The PEA outlines a large, open-pit mining operation which, over the course of 31 years, would extract a mineable inventory to provide a mill feed of approximately 978 million tonnes with an average grade of 0.22% copper, 0.02% molybdenum, 4.5 g/t silver, and 0.02 g/t gold. The mine is developed in multiple phases, focusing on early extraction of the higher-grade portions of the deposit in the supergene enrichment zone. Mining is performed by way of conventional truck and shovel operations, with run-of-mine mill feed and certain volumes of waste rock crushed and transported via a 3.4-kilometre electrically powered overland conveyor system from the mine to the process plant located at 400 metres lower elevation to the west of the mine site. The mill and concentrator process plant will operate at a 90,000 tonnes per day nominal capacity and will produce separate copper and molybdenum concentrates via a conventional sulphide flotation and molybdenum separation flowsheet. Process tailings and potentially acid generating (“PAG”) waste rock will use co-storage of tailings and waste rock together for permanent storage in a tailings & waste rock management facility (“TWMF”) located southwest of and adjacent to the process plant. Final copper concentrate products containing precious metal by-products will be transported by truck to one of several nearby deep seaports along the Pacific coast for sale to end customers, and molybdenum concentrates will be transported by truck to a rail load out location for toll roasting within continental North America before final sale of molybdenum oxide to end customers globally. The study outlines a two-year construction period with pre-production capital expenditures of just under C$2.0 billion, sustaining capital expenditures over the life of mine of $1.5 billion, reclamation and closure costs at the end of the mine life of C$200 million, and total taxes paid over the life of mine, on an undiscounted basis, of C$4.9 billion.
Mark Wheeler, P.Eng., Vice President of Projects, commented: “This maiden PEA represents a fantastic starting point for the further development of the Berg Project and we look forward to sharing the details with local communities, specifically the Wet’suwet’en First Nation, Clans of the Wet’suwet’en, and Cheslatta Carrier Nation in order to ensure participation in all aspects of the project going forward. The PEA shows a long-life development project with the opportunity to have significant benefits for the local communities across the region.”
Figure 1. Regional Map
Figure 2. Payable Production and Co-Product C1 Cash Cost Profile
|Table 1. Key Financial and Economic Analysis Metrics|
|Base Case After-Tax Economic Metrics|
|NPV / Capex||x||1.1x|
|Capex / Total Production||US$/t CuEq||$0.55|
|Capex / Annual Production||US$/t CuEq||$16.82|
|FCF Yield on Capex||%||18%|
|Aggregate Undiscounted Financial Metrics||Avg.

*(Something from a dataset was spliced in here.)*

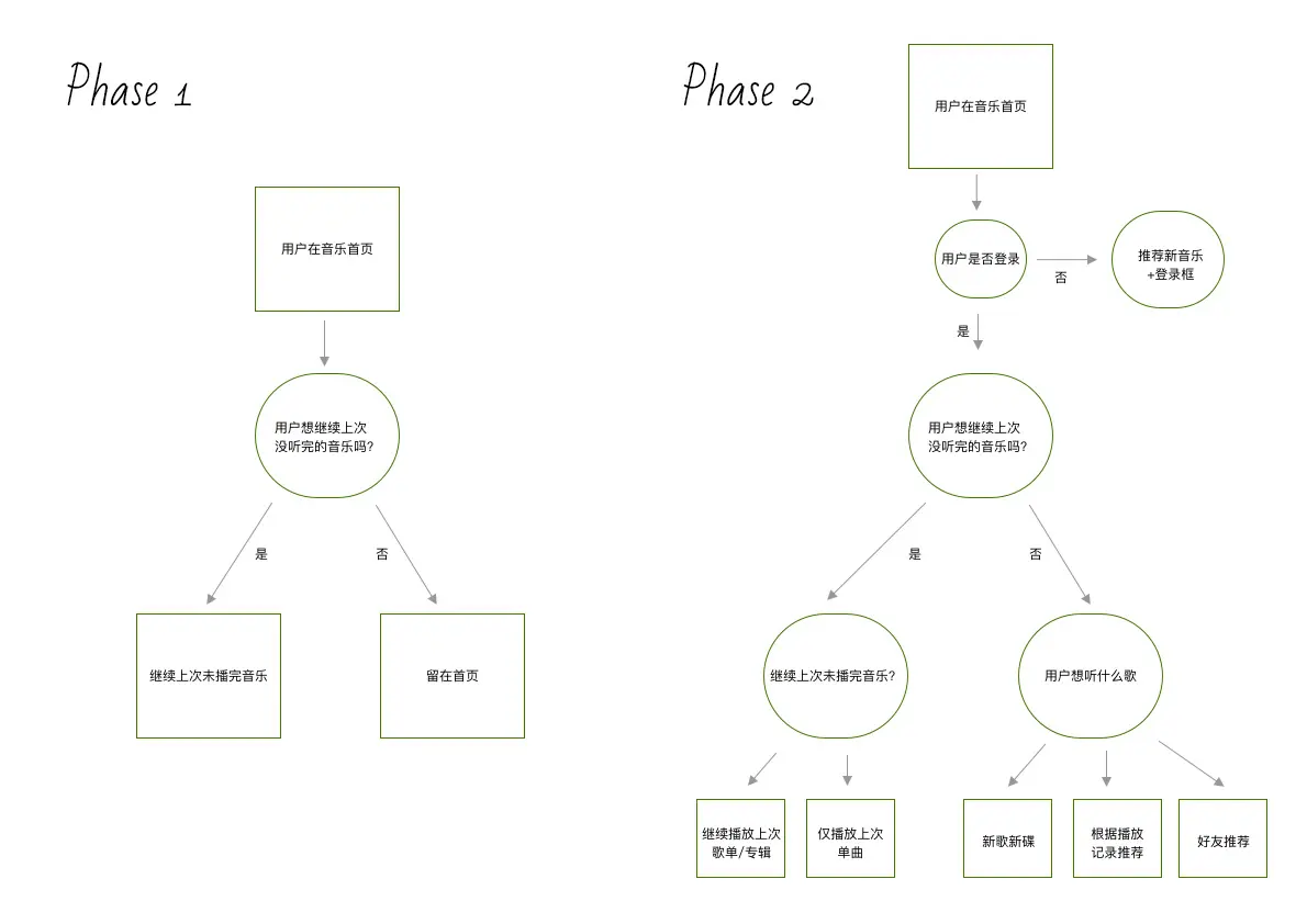 在草图1阶段(左图),做一个规则判断:用户来到页面是否要继续上次的音乐?就这么简单,然后针对规则做出解决方案,最后的目标是“用户成功播放喜欢的音乐”。

Annual1||LOM Total|
|Free Cash Flow||C$mm||$348||$8,450|
|LOM Gross Revenue Contribution|
|1. Average annual financial metrics are weighted by total mill throughput in each year, except pre-production capex which is a simple average.|
|Table 2. Key Operating Metrics|
|Aggregate Operating Metrics||Avg. Annual1||LOM Total|
|Milled Mineralized Material||Mt||32||978|
|Copper Equivalent||Mlbs CuEq||191||5,825|
|Copper Equivalent||kt CuEq||87||2,642|
|LOM Blended Process Recovery and Payability||Recovery2||Payability|
|C1 Cash Costs (co-product)||US$/lb CuEq||$1.75|
|C3 Cash Costs (co-product)||US$/lb CuEq||$1.98|
|C1 Cash Costs (by-product)||US$/lb Cu||$0.46|
|C3 Cash Costs (by-product)||US$/lb Cu||$0.82|
|1. Average annual operating metrics are weighted by total mill throughput in each year, except strip ratio which is a simple average.|
2. Recovery numbers represent blended average across zones and are calculated based on total LOM recovered metal divided by contained metal.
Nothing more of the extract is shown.